It’s not exactly a drop in the bucket, but the placement of some 10 million baby oysters in the Severn River this past week was just one piece of a larger effort to help restore the Chesapeake Bay.

The oyster spat hauled from the Horn Point Oyster Hatchery outside Cambridge on Monday were the first batch of a total of 50 million to be placed in the oyster sanctuary outside Annapolis in the coming weeks.

The project is a cooperative effort between Oyster Recovery Partnership, the Severn River Association, the Maryland Department of Natural Resources and Horn Point — but also the public, who donated approximately $27,000 to help the local river group pay for half of the oysters laid on the river bottom Monday.

“Our river and creeks are hurting,” said Lynne Rockenbauch, Severn River Association president. “To make sure we can fish and swim in our river and creeks, we need to take action now.”

Bob Whitcomb, Oyster Committee chair for the association, said Monday’s event “proves private citizens support our restoration efforts and will donate to buy oysters to plant on our reefs.”

“We plant about a million oysters a year. But this is a big push we are proud of,” Whitcomb said.

The Severn was chosen for a few reasons. Salinity levels vital to oyster development are sufficient. The bottom, especially in the nine sites spread across 13 acres of river, was “planted” with crushed rock by the U.S. Army Corps of Engineers in 2010, providing an optimal base for the spat to flourish.

Of the 50 million spat to be planted about 2.5 million are likely to survive to become 3- to 5-inch mature oysters.

Shocking, but that’s normal, said Chris Judy, director of the DNR Shellfish Division.

“People say that mortality rate is high, but it’s typical. If you are a very small vulnerable spat to make it to 3 or 5 years old is a challenge. A lot of things can kill you along the way.”

That is one reason the site will be monitored to determine the mortality rate and whether a second planting, which occurs on many oyster beds, is in order.

“We strive to do our best to monitor all of our plantings,” said Ward Slacum, the Oyster Recovery Partnership’s director of the program. “We will check right after we put them in to understand short-term survival and also several years later to understand what it still there.

“It’s adaptive management,” he said, “and it also determines whether a second planting is necessary”

Then it is up to timing and funding to see if a second planting is possible, he added.

Oyster restoration efforts like Monday’s Severn River project are a key ingredient in wider Chesapeake Bay recovery efforts.

The ability by oysters to filter and clean water is a major factor in the push to grow more oysters on reefs across the bay and in its tributaries. A mature adult oyster can filter up to 50 gallons a day.

But just as important is the ecosystem a thriving oyster reef creates.

“As they grow, they attract other creatures. You are not just getting oysters you are getting worms … mussels, barnacles, mud crabs, blue crabs,” Judy said. “As important as the filtering is the improvement of the bottom ecology, The living reef they make is crucial to marine life.”

As such it is not likely that the successful development of flourishing oyster reefs will clean the bay in and of themselves.

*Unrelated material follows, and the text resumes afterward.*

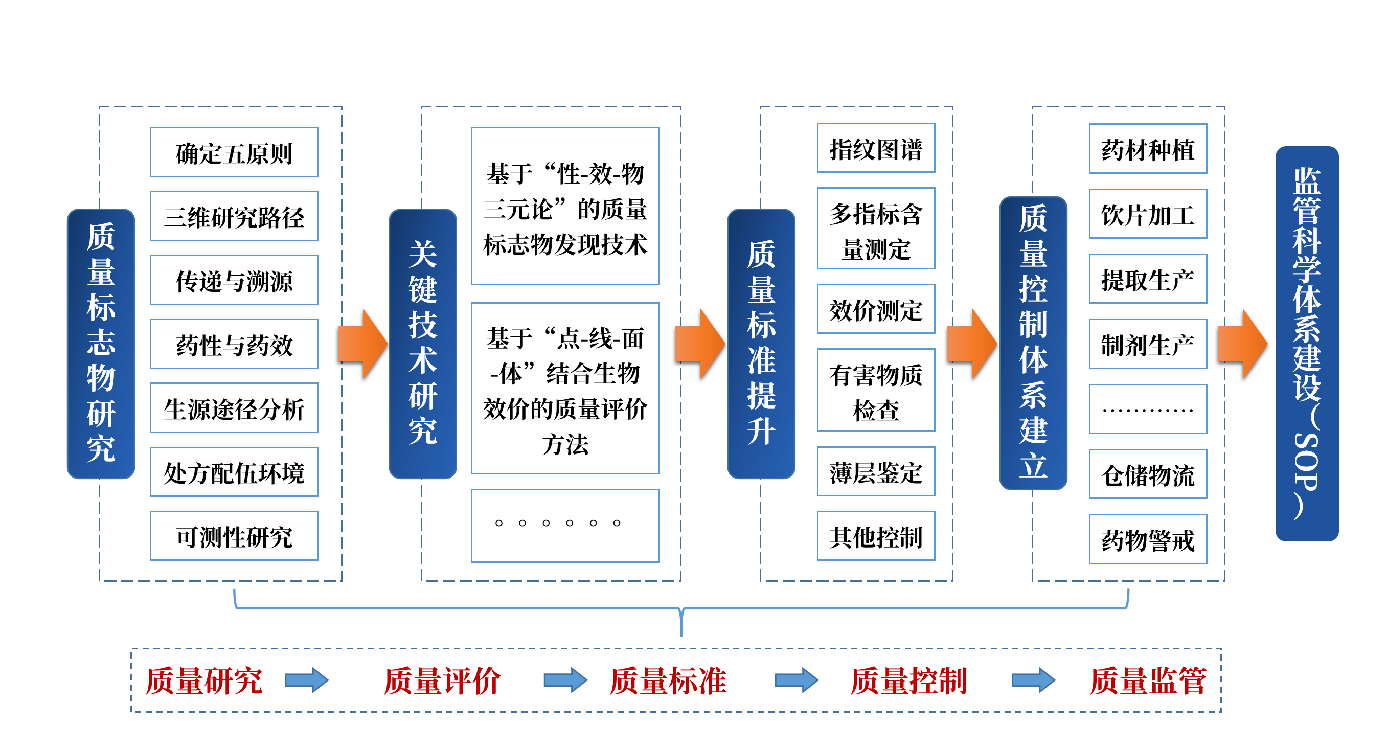 中药质量标志物专题系列报道(一)作者: zhang, zhiyao / 2022年4月28日 2022年4月11日,天津市科学技术奖励大会在天津礼堂召开。由天津药物研究院作为第一完成单位、刘昌孝院士领衔完成的《中药质量标志物理论创建与关键技术创新及其应用》项目,成功摘得2021年度天津市科学技术进步一等奖。近期,天津电视台、津云、滨海时报等多家媒体平台对该项目进行了专题报道,在社会上和行业内引起了广泛关注和积极反响。为了更好地向社会大众讲解和宣传中药质量标志物的科学内涵和重要价值,“天津药物研究院”公众号特推出中药质量标志物专题系列报道。 中药质量标志物专题系列报道之一 中药质量标志物的提出背景和科学内涵 中药质量是中药临床疗效的保障,是中药产业发展的生命线。中药质量研究和质量标准的建立是一项复杂的系统工程,历来是行业关注的焦点,也是关系到中医药科学和产业发展的国家战略问题。为促进中医药产业健康发展,完善质量标准体系,健全以《中国药典》为核心的国家药品标准体系,提升中药及产品质量标准,刘昌孝院士针对中药生物属性、制造过程及配伍理论等自身医药体系的特点,于2016年创造性地提出中药质量标志物(quality marker,简称Q-Marker)的新概念。中药Q-Marker概念提出后,引起学术界、产业界的积极响应和广泛认同,并纷纷在质量标志物核心概念统领下开展相关研究。 影响中药质量的十大因素 中药Q-Marker是指存在于中药材和中药产品中固有或加工制备过程中形成的、与中药功能密切相关的化学物质,又可以进行定性鉴别和定量测定,按中医配伍组方的君药为先原则,兼顾臣佐使药的代表性物质。Q-Marker的核心内容基于特有性、可测性、有效性、传递性和中医药理论关联性的“五要素”,既反映了与有效性(和安全性)的关联关系,又体现了中药成分的专属性、差异性特征,特别是基于方-证对应的配伍环境,使质量研究回归到中医药理论,体现针对疾病的中药有效性表达方式及其物质基础的客观实质。Q-Marker核心概念有利于反映中药治疗疾病的本质特征;有利于建立专属性、针对性的质量评价方法和质量标准;着眼于中药材、生产、体内全过程的特有、差异、动态变化和质量的传递性、溯源性,有利于建立可传递和溯源的全程质量控制体系。 基于“五原则”的复方中药质量标志物发现的研究路径 与以往质量研究思路不同,Q-Marker概念的重要意义在于聚焦中药质量属性的本质特征以及质量评价与质量控制的最终目的,既是中药质量的核心概念,又是中药产业的核心概念。基于中药Q-Marker的发现与确认,有利于对中药质量进行科学评价,建立整体质量标准和基于中药全产业链质量控制体系,并为中药行业监管的重要抓手和依据。 中药质量标志物的研究意义和应用价值 自2016年刘院士提出Q-Marker概念,我院科研工作者对此进行了大量的研究工作,迄今已形成中药质量标志物核心理论,出版首部中药质量标志物理论专著《中药质量标志物理论与实践》;在《Phytomedicine》、《RSC Adv.》、《J. Chromatogr. B》、《J. Pharm.Biomed. Anal.》、《中草药》、《药学学报》等重要刊物发表研究论文200余篇;被国家自然科学基金委员会批准将“中药Q-Marker”列为国家基金委的重点项目;组建了我国首个中药质量标志物研究平台——天津市中药质量标志物重点实验室;《中药质量标志物理论创建与关键技术创新及其应用》项目荣获2021年度天津市科学技术进步一等奖。 该理论的提出实现中药质量研究的实质性突破,所建立的原则、方法和研究模式被全国相关研究所参照,发挥了引领中药质量研究的作用。中药Q-Marker为提升中药及其产品质量标准、健全国家药品标准体系、推进中医药的国际化和标准化进程,促进中医药产业健康发展产生积极意义。 后续我们围绕Q-Marker在中药新药研发、药材、饮片质量标准、中药二次开发、中成药生产全过程质量控制以及中药监管科学等领域的重要应用,在系列报道中进行逐一阐述。 主要参考文献[1] 刘昌孝,陈士林,肖小河,等. 中药质量标志物(Q-Marker):中药产品质量控制的新概念[J]. 中草药,2016,47(9):1443-1457.[2] 刘昌孝. 中药质量标志物(Q-Marker)研究发展的5年回顾[J]. 中草药,2021,52(9):2511-2518.[3] 张铁军,白钢,陈常青,等. 基于“五原则”的复方中药质量标志物(Q-marker)研究路径[J]. 中草药,2018,49(1):1-13.[4] 张铁军,白钢,刘昌孝. 中药质量标志物的概念、核心理论与研究方法[J]. 药学学报,2019,54(2):187-196.

“They are a vital ingredient. But it also about land use, how you manage your garden and lawn, how you fertilize it and farmers doing their part,” Judy said.

Yet it is an important cog in the wheel of bay health.

“The sites we planted today between the two bridges were planted a decade ago with substrate by the Army Corps and could build up a viable population to filter the river and develop valuable marine life for other species,” said Stephan Abel, executive director of the Oyster Recovery Partnership.

“They are critical to have,” he said, “and every tributary should have viable oysters.”